Andrew didn't hesitate.

He turned toward the smaller door and slipped through.

It opened into a tight corridor, low-ceiling and claustrophobic, lined with other doors — storage rooms or cells maybe. He crept forward quietly, bare feet silent on the cold stone.

Then he heard it.

Voices. From the chamber he'd just left.

His blood turned cold.

They were coming back.

Panicked, he darted into the shadow beside a stack of old crates near one of the side doors. He crouched low, pulling the cloth tighter around his body.

Two figures passed by.

Hooded. Robed. Cultists.

He held his breath.

"Is it true?" one asked, voice hushed. "The founder's escaped?"

"I saw it with my own eyes," the other replied, tone bitter. "He used one of the old escape tunnels. Slipped right past the baron's soldiers. Coward."

"And the sacrifice?"

"Failed. Vessel wasn't viable. Burned out."

Andrew's heart skipped. They were talking about him.
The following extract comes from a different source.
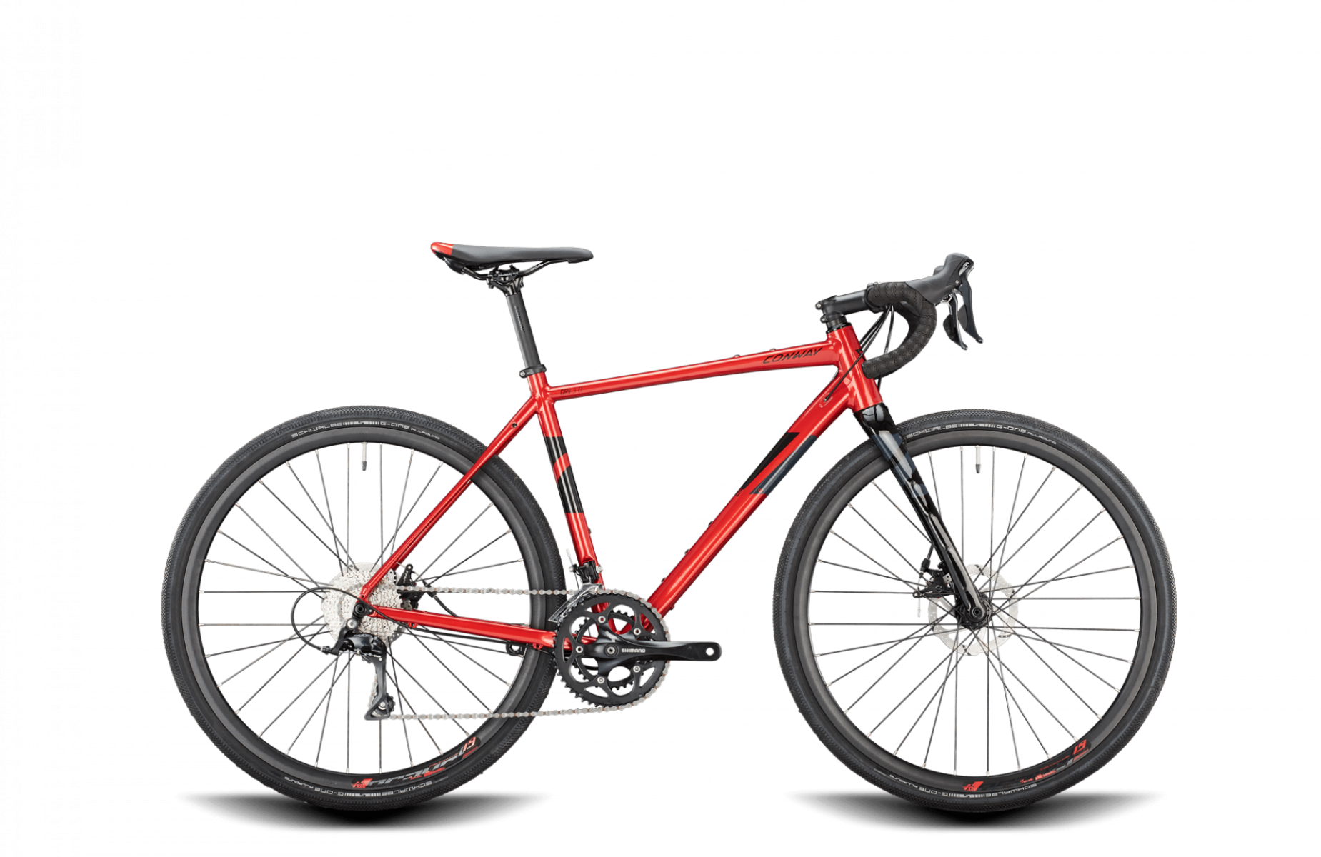 Elsker du landevejen, men er fristet af skovens smalle stier? Så er denne Conway Gravelbike med carbon disc forgaffel i en flot rød farve lige dig. Den er tilmed udstyret med Shimano Sora 18 Gear.

The first cultist spat. "Then it was all for nothing."

"No. We delayed them, at least. But this place—" the cultist looked around, voice darkening, "—we'll have to abandon it. The baron's forces will scour it clean."

Their footsteps faded as they continued down the hallway toward the farthest door.

Andrew remained hidden, breath shallow.

Sacrifice. Escape tunnels. A baron.

His mind spun.

Who had this body belonged to? What had they tried to put in him?

And what did they mean by "burned out"?